Special: Google Colab or Linux Server (VPS)
On Google Colab and Linux servers, Google Chrome is not installed by default. Run these commands first:
# 1. Install the library
!pip install panen-tweet
# 2. Install Google Chrome (only needed once)
!panen-tweet install-chrome
Getting Auth Token
What is an auth_token? An auth token is a unique code that proves you are logged into Twitter/X. This tool needs this token to access tweet data.
How to Get the Token (Step-by-Step):
- Open your browser (Chrome or Firefox) and log in to x.com
- Press F12 to open Developer Tools
- Click the Application tab (Chrome) or Storage tab (Firefox)
- In the left panel, click Cookies → select
https://x.com - Find the row named
auth_token - Click the row, then copy the value in the right column
🖼️ The token looks like a long string of characters, example:
1a2b3c4d5e6f7a8b9c0d...
TOKEN SECURITY — MUST READ!
This token is the full access key to your Twitter/X account.

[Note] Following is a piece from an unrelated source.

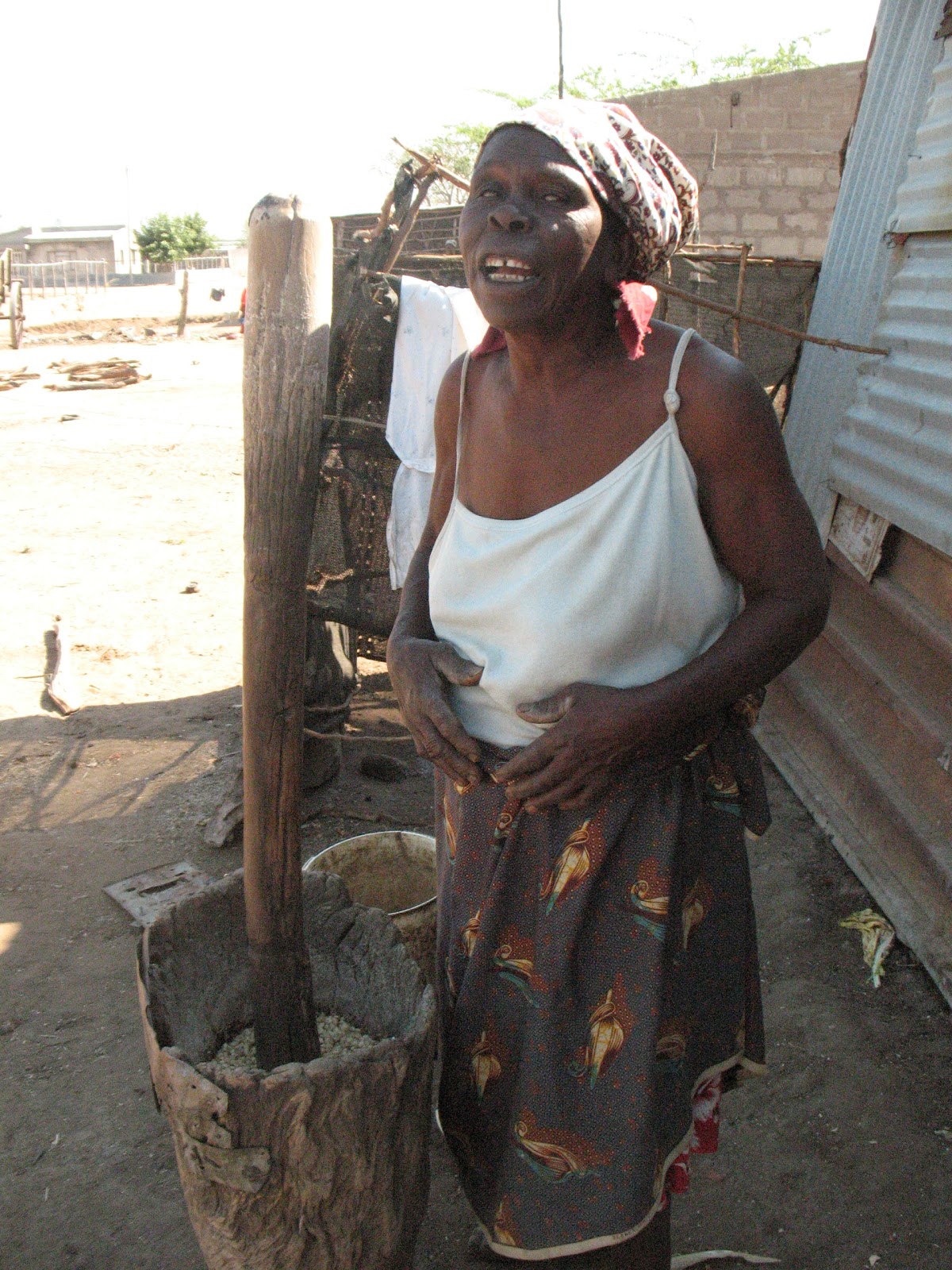 Esta senhora que vêem na outra fotografia teve pena deles e cria-os numa casa feita de matope (barro) que está inclinada e que, segundo o Técnico da UPG, nas próximas épocas de chuvas vai cair. Vivem de quê? Vivem de uma pequena machamba que dá milho e outros legumes e da ajuda da UPG (uma cesta básica que é distribuída todos os meses às famílias apoiadas, com arroz, feijão, óleo, sabão, sal e açucar). A senhora já quase não tem força para trabalhar e são os dois pequenotes que vão ajudando no trabalho.

- ❌ DO NOT share the token with anyone
- ❌ DO NOT hardcode the token directly in your Python file
- ❌ DO NOT commit/push files containing the token to GitHub
- ✅ Store the token in a
.envfile (see the guide in SECURITY.md) - ✅ If the token is leaked, immediately change your Twitter/X password
Usage
There are 3 ways to use Panen Tweet. Choose the one that best suits your needs.

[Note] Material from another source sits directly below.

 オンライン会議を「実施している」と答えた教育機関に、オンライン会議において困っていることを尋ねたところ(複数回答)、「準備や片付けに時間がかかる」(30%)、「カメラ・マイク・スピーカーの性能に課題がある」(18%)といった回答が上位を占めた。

Method 1: Command Line Interface (CLI) — Easiest for Beginners
After installation, simply run:
panen-tweet
The program will guide you interactively. You will be asked to enter:
| No. | Question | Example Input |
|---|---|---|
| 1 | Auth token | (paste token from browser) |
| 2 | Search keyword/topic | jakarta flood |
| 3 | Max tweets per session | 100 |
| 4 | Start date | 2024-01-01 |
| 5 | End date | 2024-01-07 |
| 6 | Interval days per session | 1 (1 = per day) |
| 7 | Language code | id (Indonesian), en (English), or leave blank for all |
| 8 | Tweet type | 1 (Top) or 2 (Latest) |
Example terminal output:
TWITTER/X SCRAPER - PANEN TWEET
================================
Enter your auth_token: <paste_token_here>
1. Enter search keyword/topic: jakarta flood
2. How many MAXIMUM tweets to scrape PER SESSION? 100
3. Enter overall START DATE (YYYY-MM-DD): 2024-01-01
4. Enter overall END DATE (YYYY-MM-DD): 2024-01-07
5. How many interval days per session? (1 = per day): 1
6. Enter language code (id / en / ja / etc, or leave blank): en
7. Select tweet type (1 for Top, 2 for Latest): 2
The scraped results will be automatically saved to a CSV file, example:
tweets_jakartaflood_latest_20240101-20240107.csv
Method 2: As a Python Library
Suitable if you want to integrate it into your own notebook or script.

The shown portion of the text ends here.